Kain
Kain

Reputation: 359

strlen() returning a wrong value

#include <stdio.h>
#include <string.h>

int main()
{
  char string[100];

  printf("Input string: ");
  fgets(string, sizeof(string), stdin);
  printf("%ld\n", strlen(string));

  return 0;
}

To my knowledge strlen() returns the length of a string excluding the \0 but when i input "hello" it returns a value of 6

Upvotes: 1

Views: 1297

Answers (2)

Jardel Lucca
Jardel Lucca

Reputation: 1203

Print the string as hexadecimal and you will see that the new line character \n or 0x0A is included:

size_t i = 0;
for (; string[i] != 0; i++) {

    printf("string[%zu] = %02X\n", i, (unsigned char)string[i]);
}

Output:

Input string: hello
6
string[0] = 68
string[1] = 65
string[2] = 6C
string[3] = 6C
string[4] = 6F
string[5] = 0A

EDIT: Fixed code for not handling correctly signed char to int promotion and removed unnecessary strlen from loop as very well recommended by @phuclv.

Upvotes: 1

Programmer Hobbyist
Programmer Hobbyist

Reputation: 309

The fgets() function adds a '\n' character to the end of the inputted string. That is why strlen() is returning +1 value. Therefore, strlen() is not returning the wrong length, rather your inputted string has an extra character.
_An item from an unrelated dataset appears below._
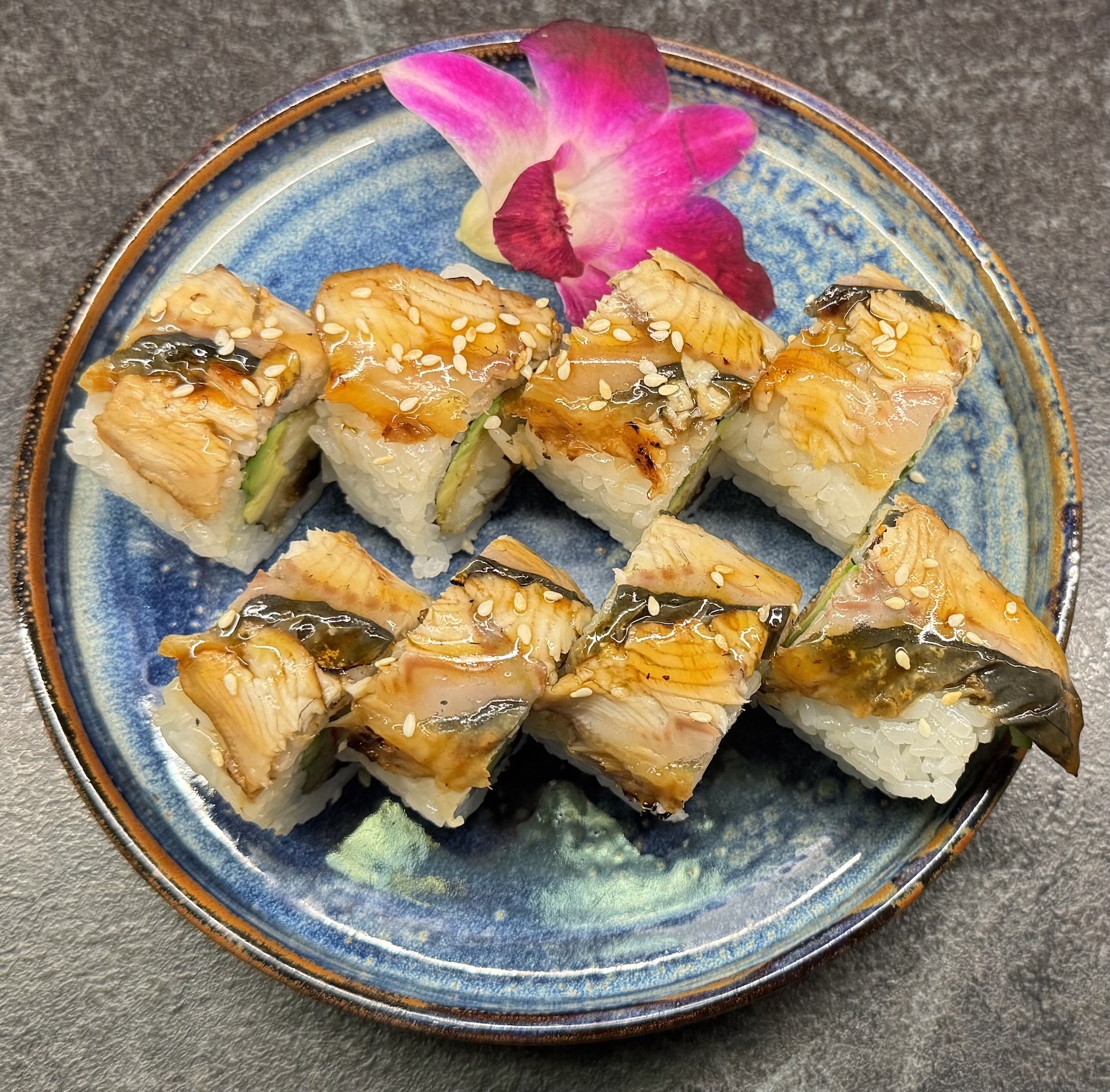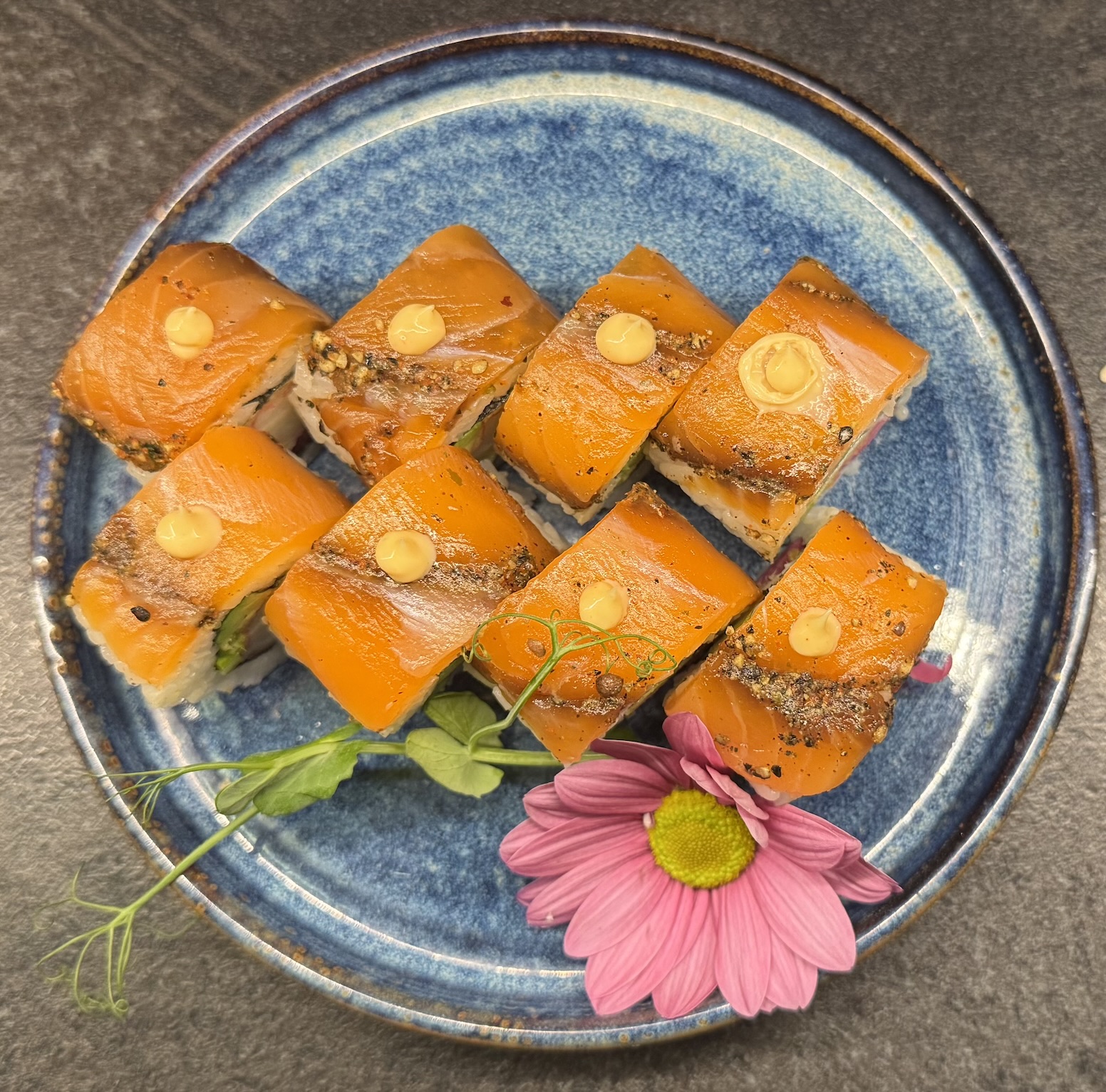 szparagi w tempurze, rzodkiew, ogórek, jalapeno, owinięte mango i karakuchi, tobico
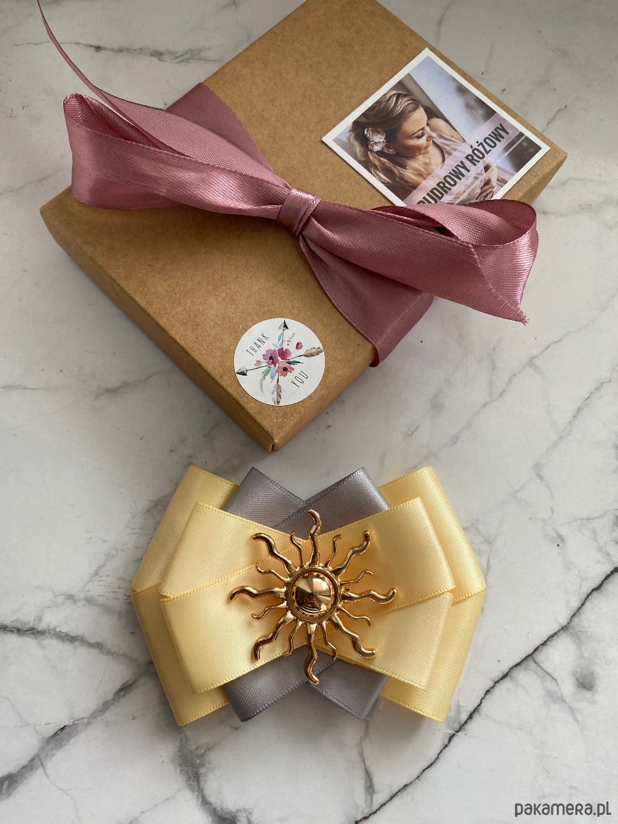Broszka wykonana z wysokiej jakości taśm i dodatków.

Or to be more precise, there is always a newline character at the end of an input string, but fgets() doesn't remove it unlike other functions such as scanf() or gets(don't use it!)

If you print the ASCII character of the last element of the string, you'll see that it is printing 10. And 10 is the ASCII value of the newline character.